The Bolivian government declared a health emergency on Thursday after the daily cases of COVID-19 almost quintupled in less than a week, despite the fact that the omicron variant has not yet been registered in the country.
In the last five days, new daily infections increased from 1,355 to 6,149, double the highest peak reported on June 10, according to the Ministry of Health. Until now the authorities have not reported the presence of the omicron variant in the country.
The hardest hit region – and also the most populated – is Santa Cruz, in the east, which accounts for 71% of the new cases in the country.
The national health emergency forces pharmacies to display their drug price list with maximum limits, shorten procedures to speed up medical care and increase the hiring of personnel and services to face the pandemic.
A “relaxation of biosecurity measures” and a strong attack from the “fourth wave” are the reasons for the increase, according to the Minister of Health, Jeyson Auza. Health authorities have reported a saturation of medical services, including intensive care units, and the mayors of several cities canceled the New Year celebrations.
Although wearing masks and maintaining social distancing in public places is mandatory, in recent weeks those measures have been relaxed to the point that all activities are normal, including street protests that draw crowds.
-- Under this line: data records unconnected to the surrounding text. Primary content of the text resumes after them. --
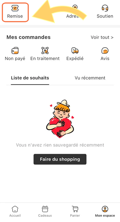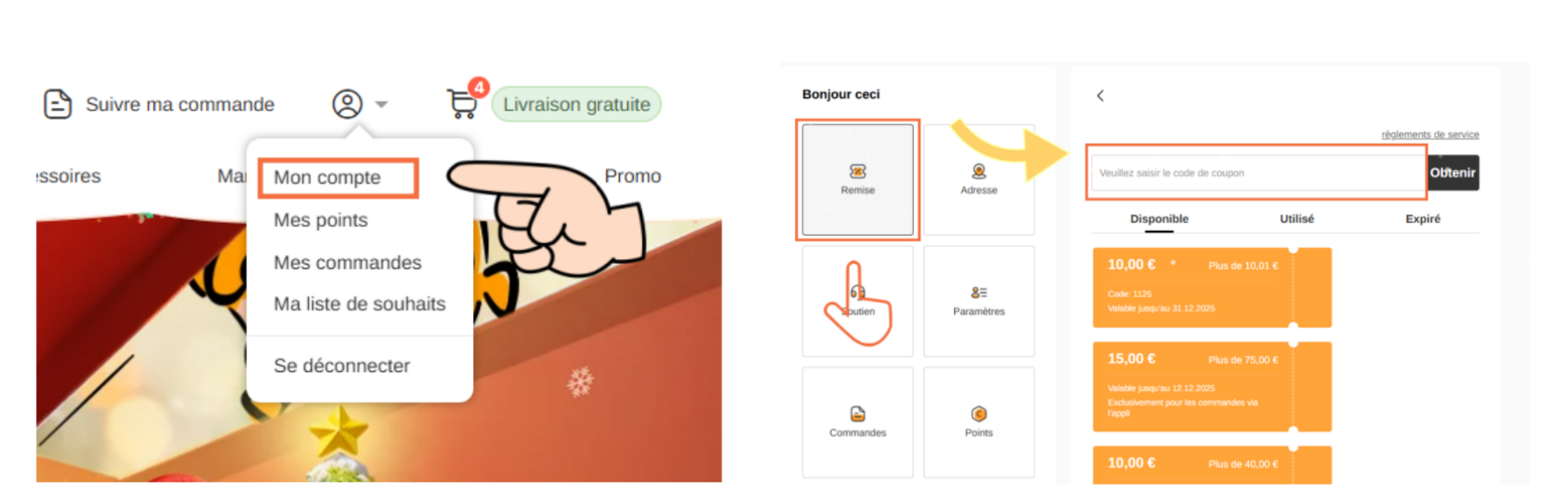2.Sélectionnez « Remise », puis saisissez votre code promo.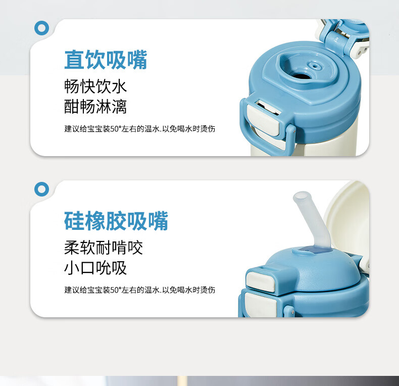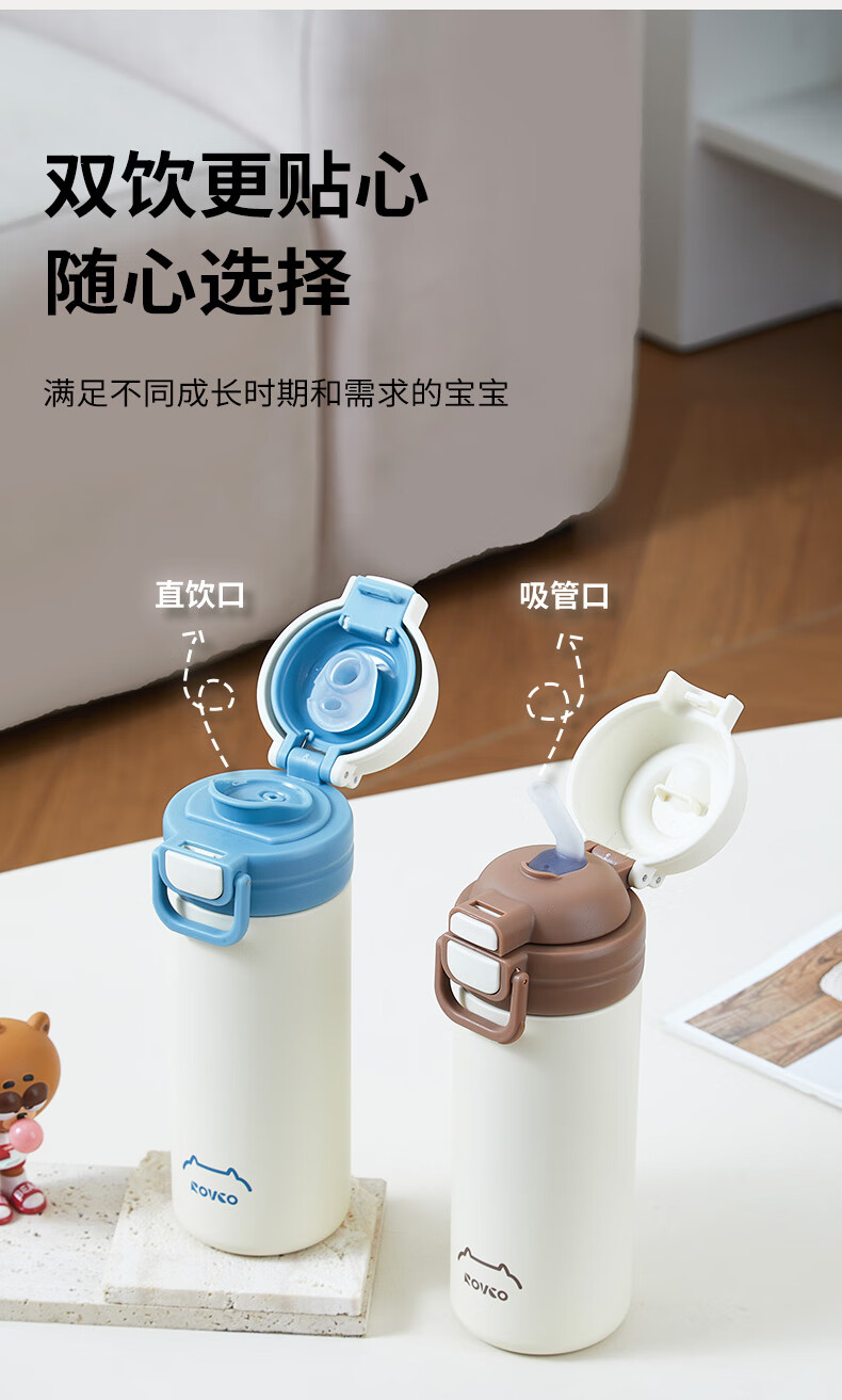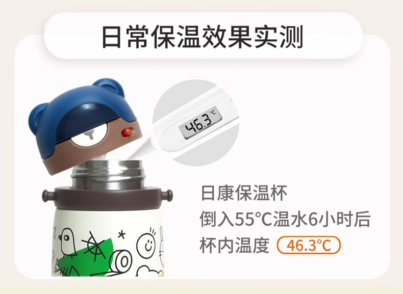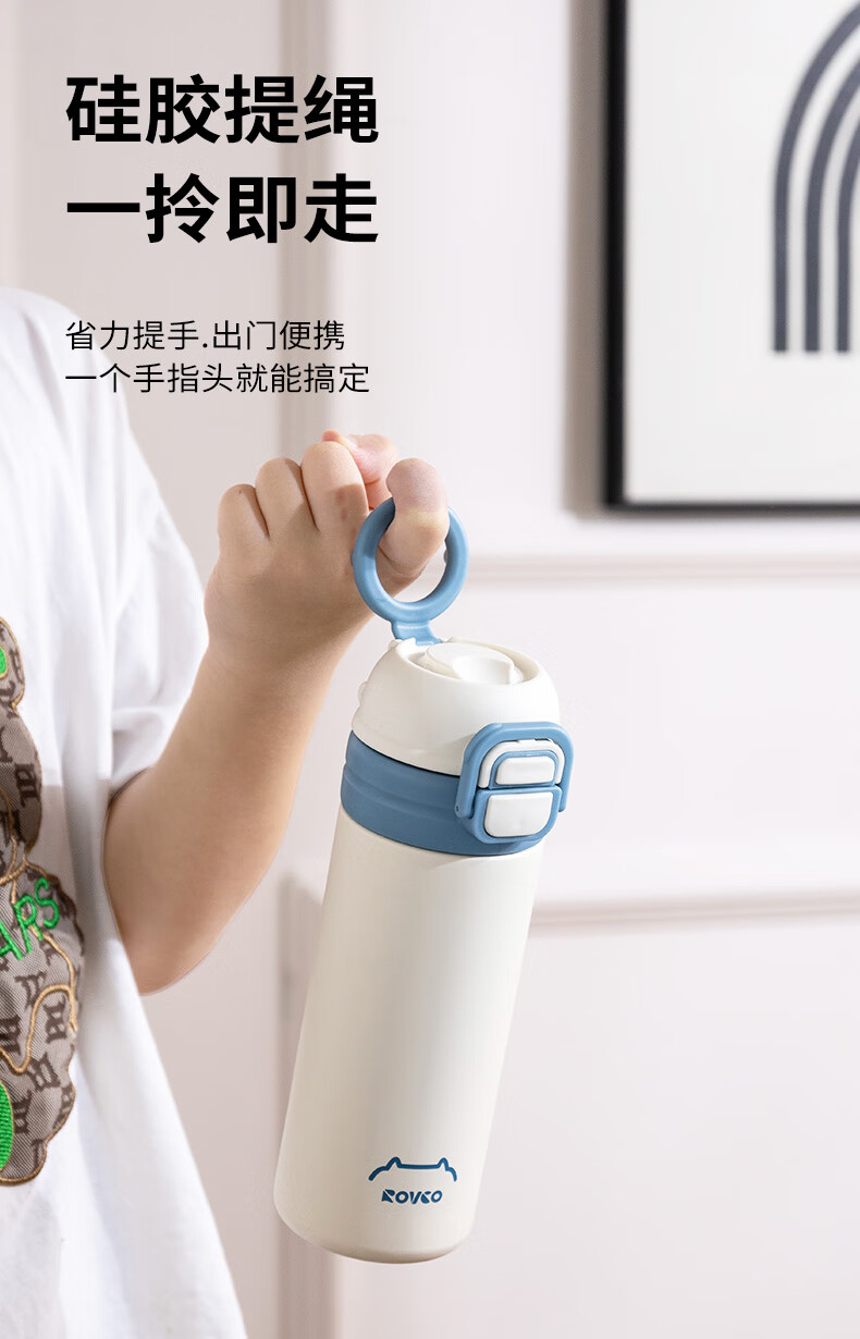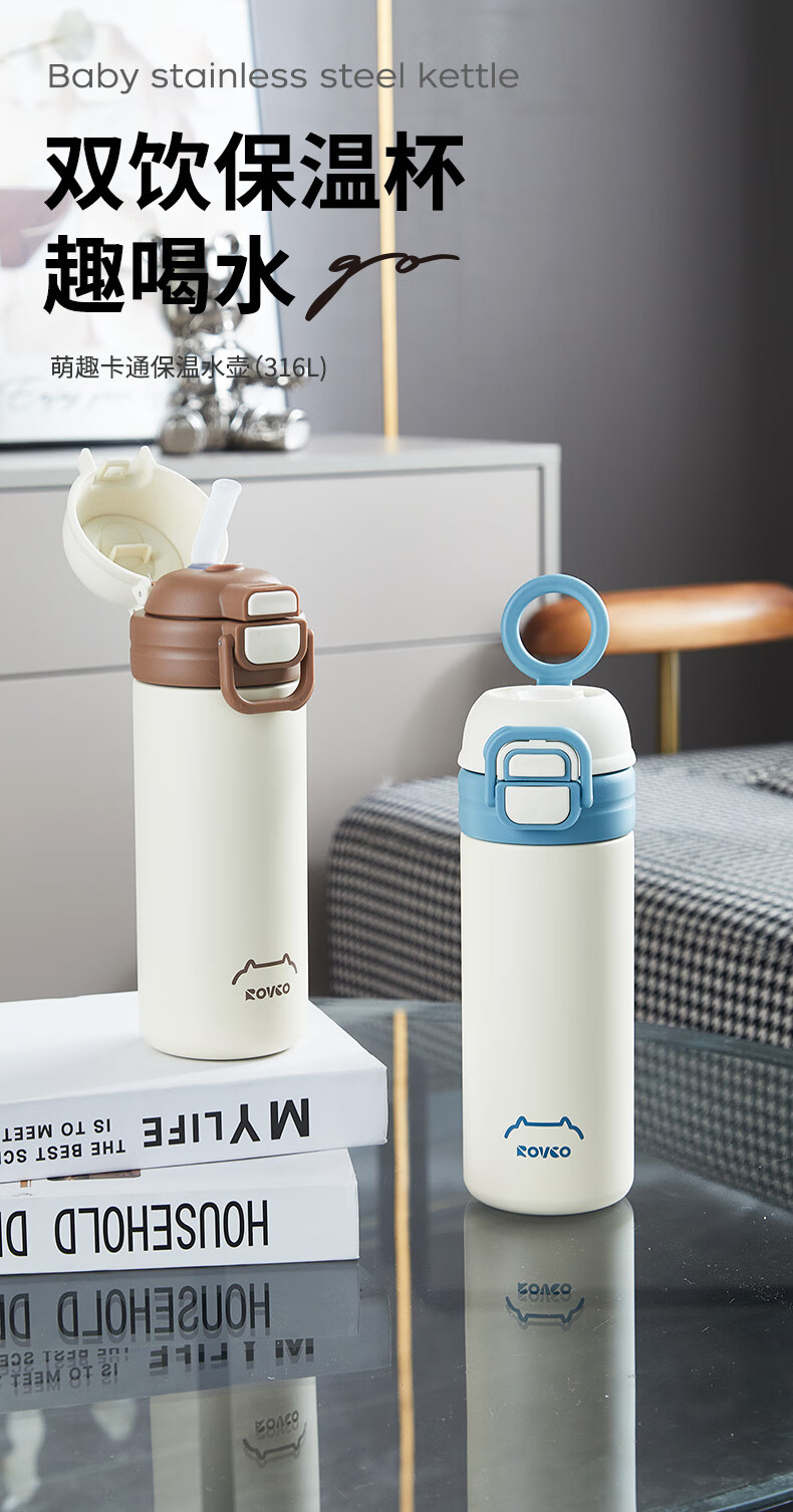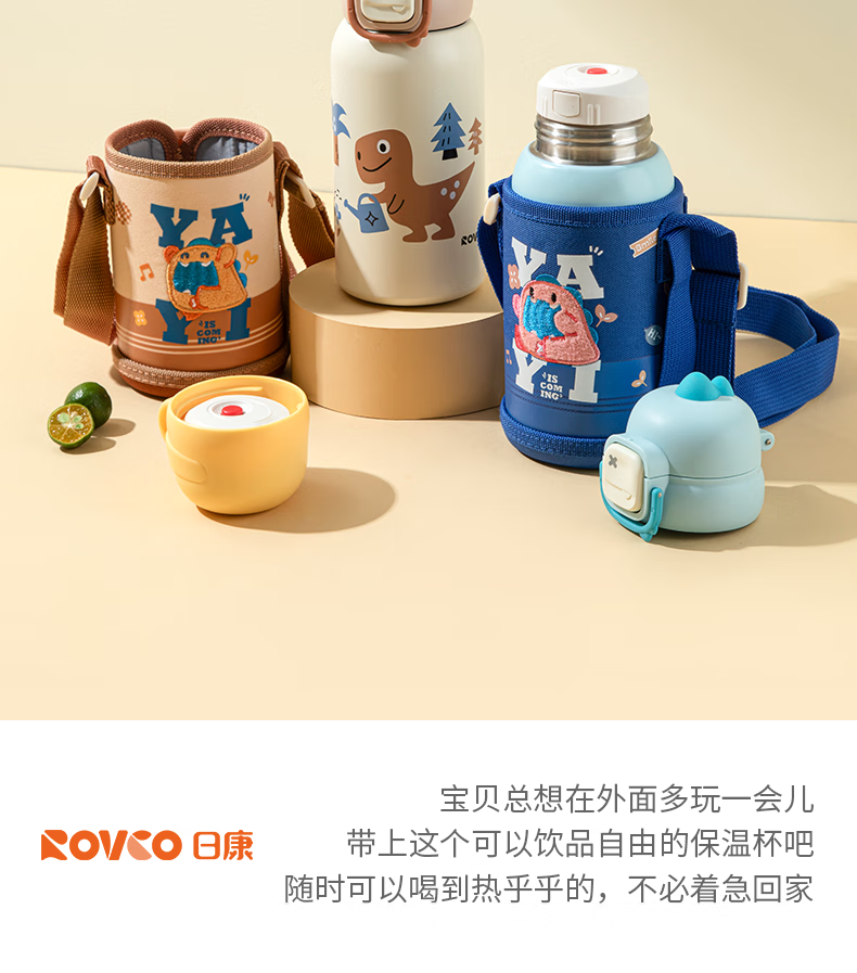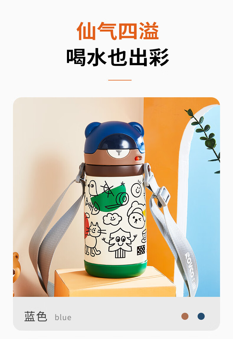 日康(rikang)保温杯 儿童水杯316不锈钢学生杯幼儿园上学专用水杯 【一杯双盖+杯套】B4026蓝色 550ml
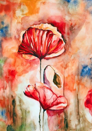 نقاشی آبرنگی گل قرمز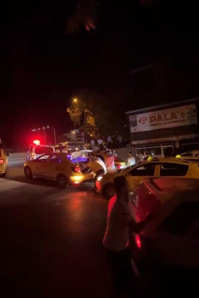 Yüksek İhtisas Kavşağında aracı yakalayan ekipler, ikili arasındaki kavgayı ayırmak isterken, olay yerine taksicinin meslektaşları geldi.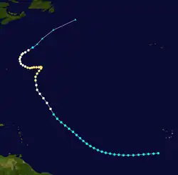 On September 8, Tropical Storm Fox was present in the open Atlantic Ocean between the Lesser Antilles and Cape Verde, likely originating from a tropical wave. Hurricane Fox was first discovered by Hurricane Hunters on September 10, when it was located about 1,000 mi (1,600 km) east of Puerto Rico. A small system, the hurricane moved generally northwestward and gradually intensified. After turning toward the north, Fox reached its peak intensity with maximum sustained winds of 140 mph (230 km/h) on September 14, as it passed about 300 mi (480 km) east of Bermuda. Following its peak intensity, the hurricane accelerated to the north and northeast. By September 17, Fox had lost all tropical characteristics, and later that day the circulation dissipated about halfway between the Azores and Newfoundland. Fox never affected land along its path. When Fox dissipated, it was the first time in 36 days without an active tropical cyclone in the Atlantic Ocean.[6][9]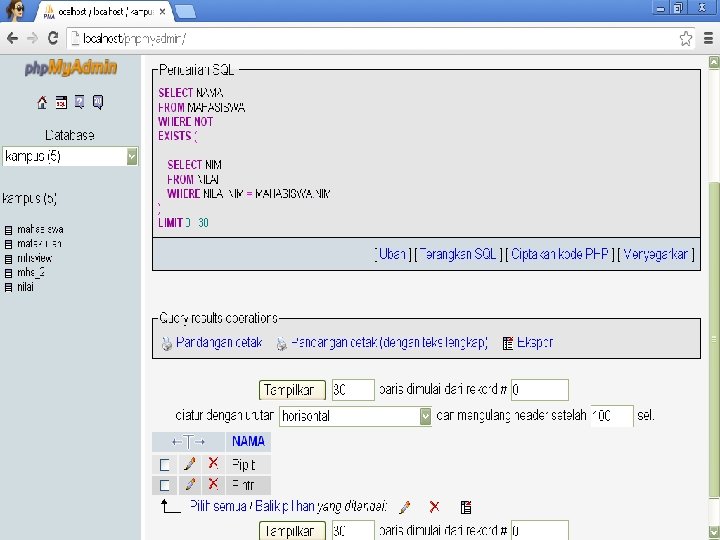 3. Ambil nama-nama mahasiswa yang mengikuti ujian. SELECT NAMA FROM MAHASISWA WHERE EXISTS (SELECT NIM FROM NILAI WHERE NILAI. NIM= MAHASISWA. NIM) 4. Ambil nama-nama mahasiswa yang tidak mengikuti ujian. SELECT NAMA FROM MAHASISWA WHERE NOT EXISTS (SELECT NIM FROM NILAI WHERE NILAI. NIM= MAHASISWA. NIM)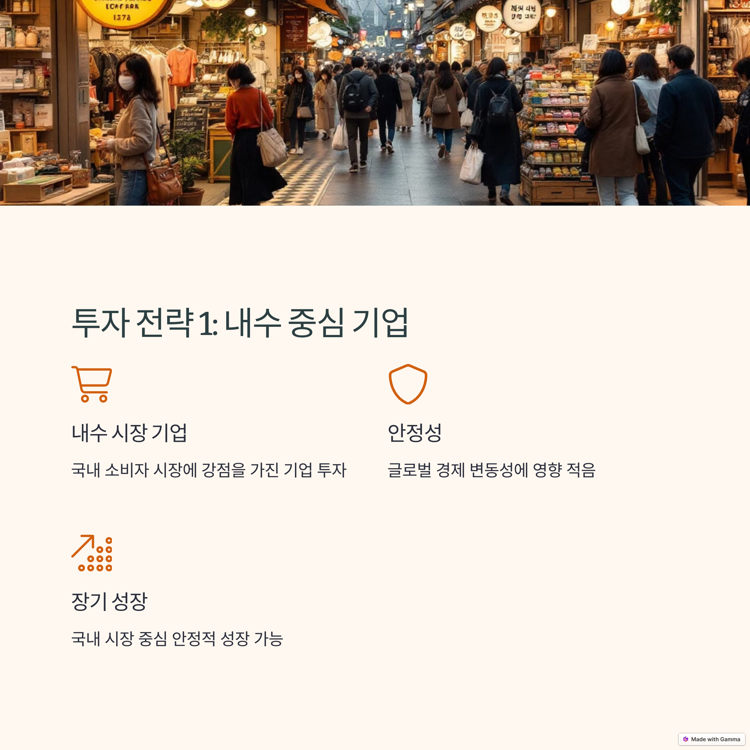 그렇다면 미국의 관세 정책 변화에 대한 대응 전략은 어떻게 마련할 수 있을까요? 첫 번째로, 글로벌 수출 비중이 높은 기업들보다는 내수 시장 비중이 높은 기업에 투자하는 방법이 있습니다. 예를 들어, 국내 소비자 시장에 강점을 가진 기업이나, 해외 의존도가 낮은 산업군을 중심으로 포트폴리오를 조정하는 것입니다. 내수 시장 중심의 기업들은 글로벌 경제의 변동성에 상대적으로 영향을 덜 받을 수 있기 때문에 안정적인 투자처가 될 수 있습니다.

One of the most massive was convened in support of the government and headed by President Luis Arce himself on November 29.
“An encouraging fact is that the fatality rate does not reach 1%, but that should not create a mirage of false security,” said Auza at a press conference.
Arce issued a decree last week that requires people to display a vaccination certificate before entering public places since January 1, but only 38% of the population is fully vaccinated, according to the online research website Our World in Data.
With 11.5 million inhabitants, the country has registered more than 591,700 infections and 16,650 deaths since the start of the pandemic, according to health authorities.